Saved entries
====================

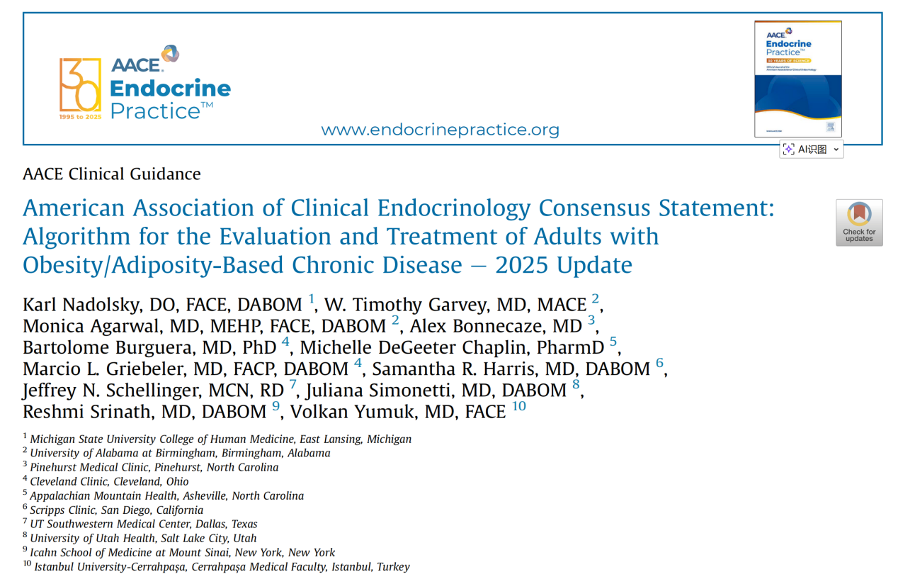 美国临床内分泌医师协会(AACE)共识声明:2025年成人肥胖医疗算法
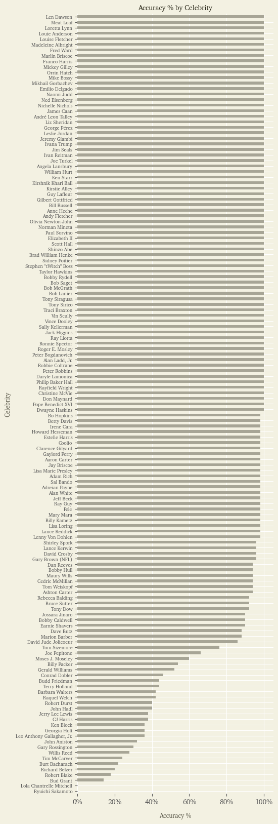 Many of the celebrities it returns the correct date for 100% of the time as we can see from the top half of that chart.
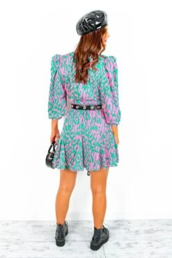 We see ya, skater girl! Wanna make a statement with your daytime dressing? This leopard print mini dress featuring a flattering fit with long puff sleeves, elasticated tie waist and floaty pleated skirt is the way to go. With a bold bright turquoise and pink animal print, this is a made-in-heaven mini for swishing from dinner dates to dancefloors – can we make it any more obvious? Accessorise with an all-black boot and bag combo for AM activities, or a pretty pink heel for evening events.
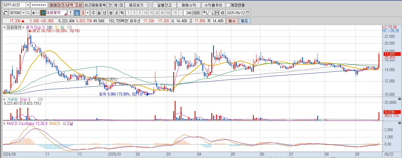 ☞ 2025-09-22 중국 NMPA로부터 치매 치료제 '리바멘사패취' 품목허가 승인 소식에 급등(상한가)
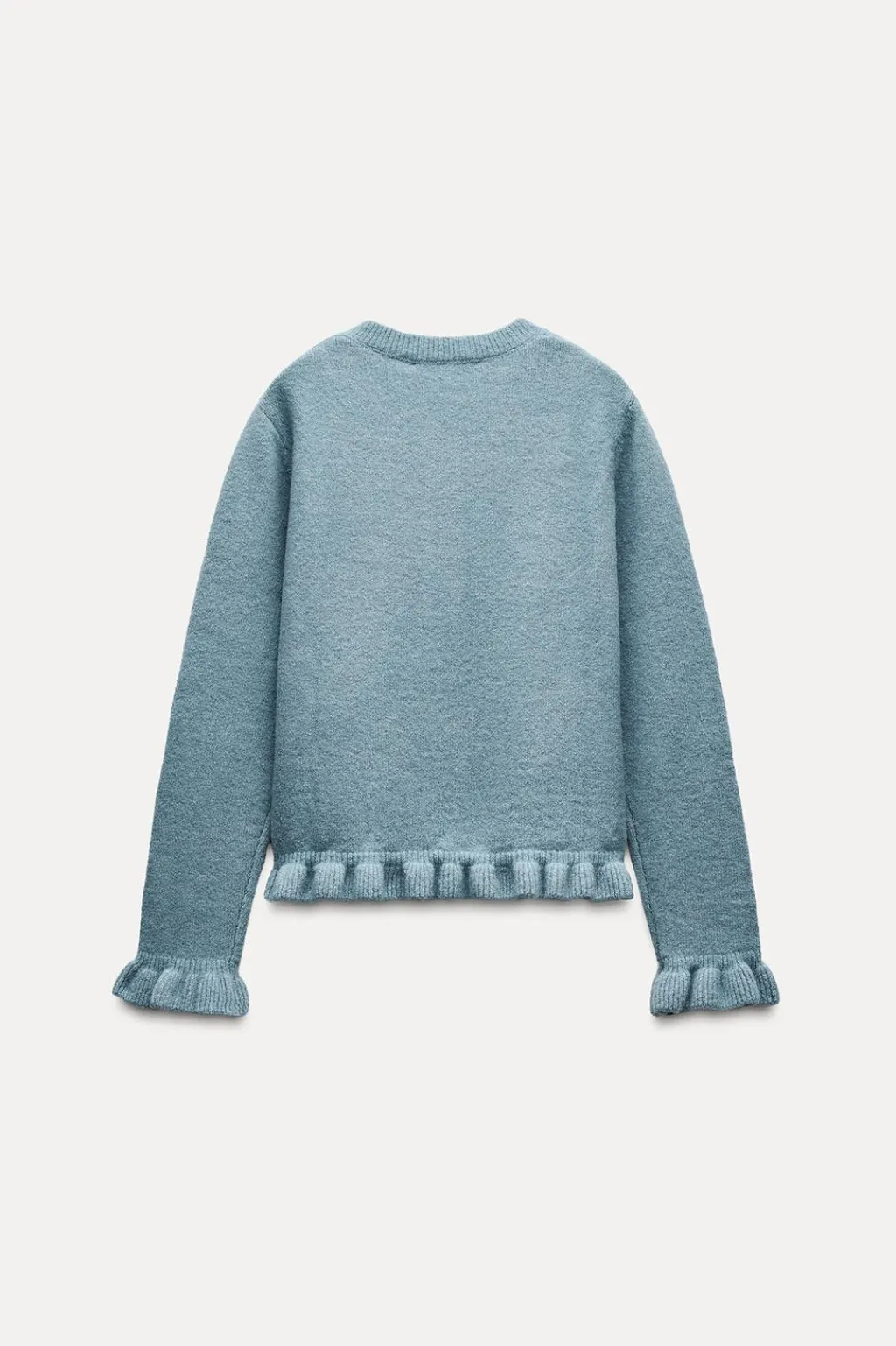 Chaqueta de cuello redondo y manga larga. Detalle de acabados con volantes. Cierre frontal con botones.
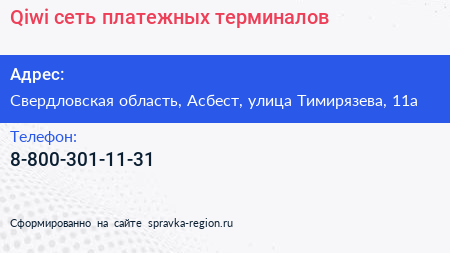 Qiwi, сеть платежных терминалов по адресу Свердловская область, Асбест, улица Тимирязева, 11а в дальнейшем Организация, размещена в следующих категориях:
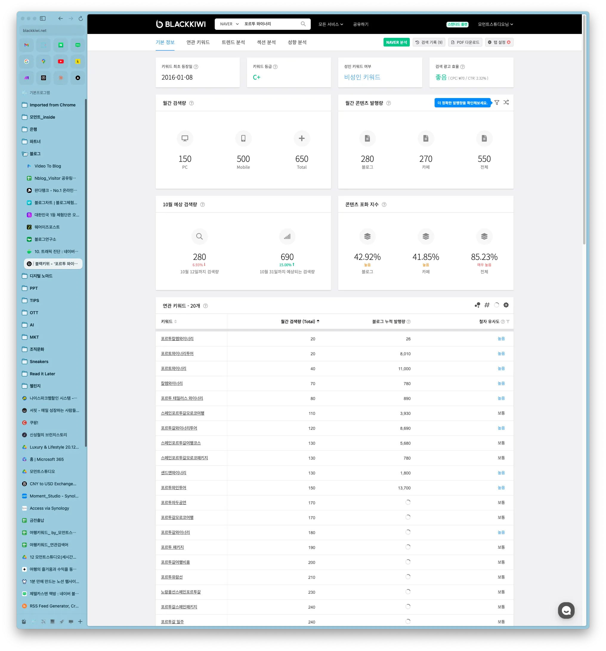 예를 들어 블랙키위에 포르투 와이너리를 검색하시고, 검색량과 비교해보신뒤에 연관검색어를 더 찾아보세요. 그나마 메인키워드로 쓸 수 있는게 “포르투 와인” 과 “포르투 와이너리 투어” 라는 키워드가 있네요. 이 키워드로 쓸 수 있게 와이너리를 갔지만 “포르투 와인 추천 그라함 와이너리 투어” 나 “포르투 와이너리 투어 추천 선물용으로 좋은 그라함 와인” 과 같이 쓸 수 있겠죠.
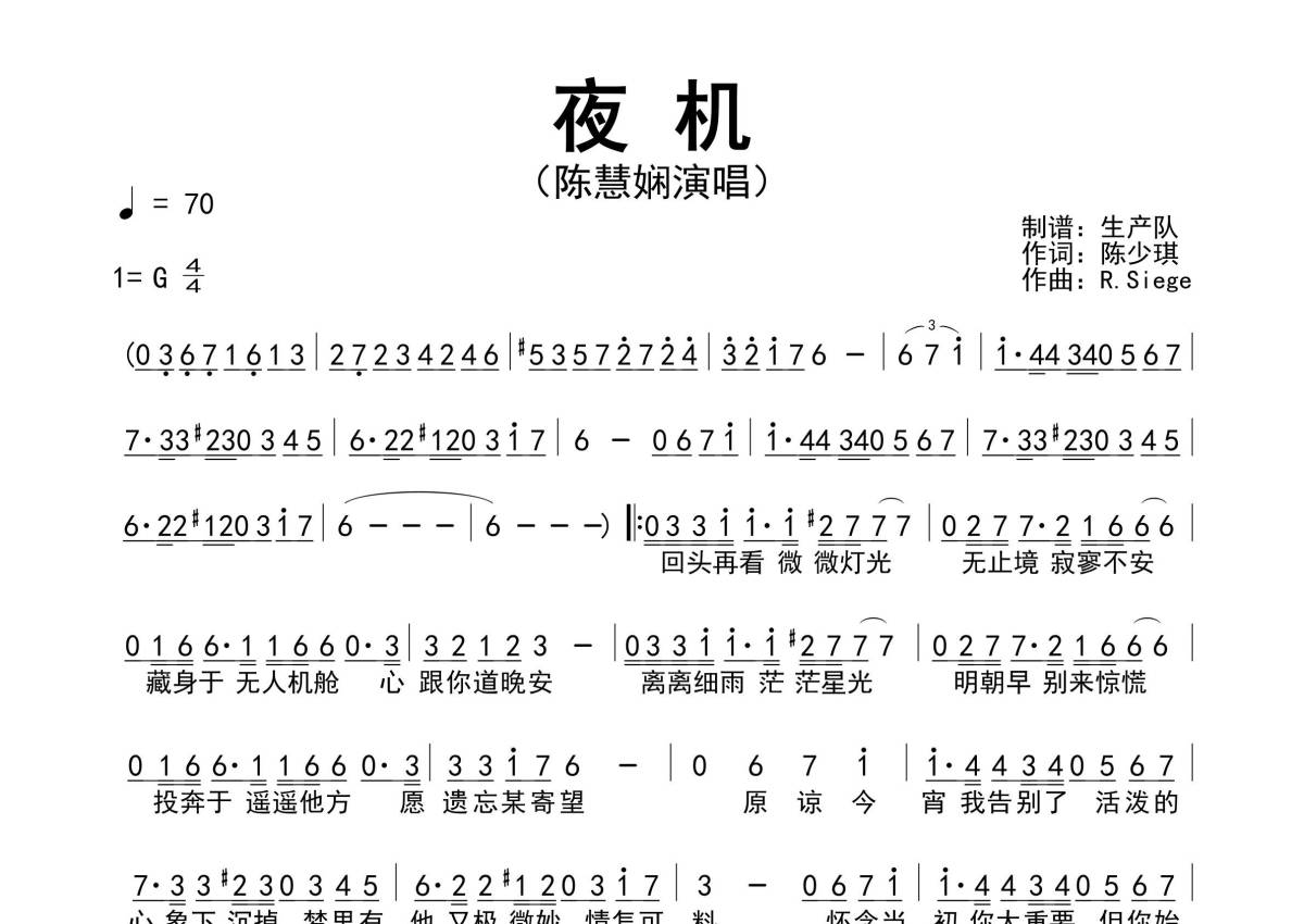 《夜机》是陈慧娴演唱的一首歌曲,简谱,拍号为4/4拍,歌曲速度为每分钟70拍,这份简谱共有一张高清图谱,图谱由 @生产队 编配上传陈慧娴演唱的歌曲《夜机》简谱。
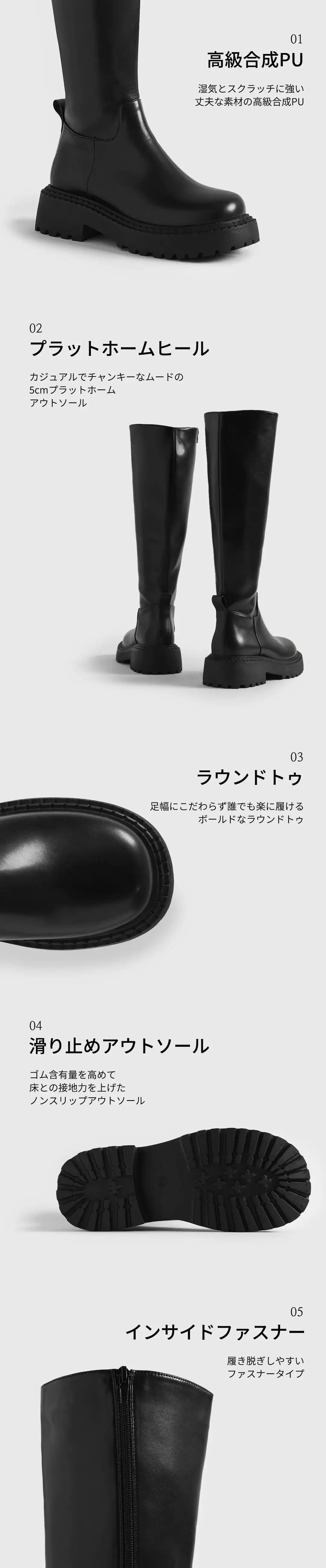 足幅 : 10 総丈 : 27 ヒール(前/後) : 2.5/5 全体の高さ(ヒール含む) : 44.5 入り口断面 : 18.5 足首断面 : 11 ふくらはぎ断面 : 15.5

====================

* **What you will do**: Leaving out the pictures, please transcribe exactly the lines from the one that holds "Many of the" through the last line of the entries above, both included.

* **Solved problem**:
 Many of the celebrities it returns the correct date for 100% of the time as we can see from the top half of that chart.
 We see ya, skater girl! Wanna make a statement with your daytime dressing? This leopard print mini dress featuring a flattering fit with long puff sleeves, elasticated tie waist and floaty pleated skirt is the way to go. With a bold bright turquoise and pink animal print, this is a made-in-heaven mini for swishing from dinner dates to dancefloors – can we make it any more obvious? Accessorise with an all-black boot and bag combo for AM activities, or a pretty pink heel for evening events.
 ☞ 2025-09-22 중국 NMPA로부터 치매 치료제 '리바멘사패취' 품목허가 승인 소식에 급등(상한가)
 Chaqueta de cuello redondo y manga larga. Detalle de acabados con volantes. Cierre frontal con botones.
 Qiwi, сеть платежных терминалов по адресу Свердловская область, Асбест, улица Тимирязева, 11а в дальнейшем Организация, размещена в следующих категориях:
 예를 들어 블랙키위에 포르투 와이너리를 검색하시고, 검색량과 비교해보신뒤에 연관검색어를 더 찾아보세요. 그나마 메인키워드로 쓸 수 있는게 “포르투 와인” 과 “포르투 와이너리 투어” 라는 키워드가 있네요. 이 키워드로 쓸 수 있게 와이너리를 갔지만 “포르투 와인 추천 그라함 와이너리 투어” 나 “포르투 와이너리 투어 추천 선물용으로 좋은 그라함 와인” 과 같이 쓸 수 있겠죠.
 《夜机》是陈慧娴演唱的一首歌曲,简谱,拍号为4/4拍,歌曲速度为每分钟70拍,这份简谱共有一张高清图谱,图谱由 @生产队 编配上传陈慧娴演唱的歌曲《夜机》简谱。
 足幅 : 10 総丈 : 27 ヒール(前/後) : 2.5/5 全体の高さ(ヒール含む) : 44.5 入り口断面 : 18.5 足首断面 : 11 ふくらはぎ断面 : 15.5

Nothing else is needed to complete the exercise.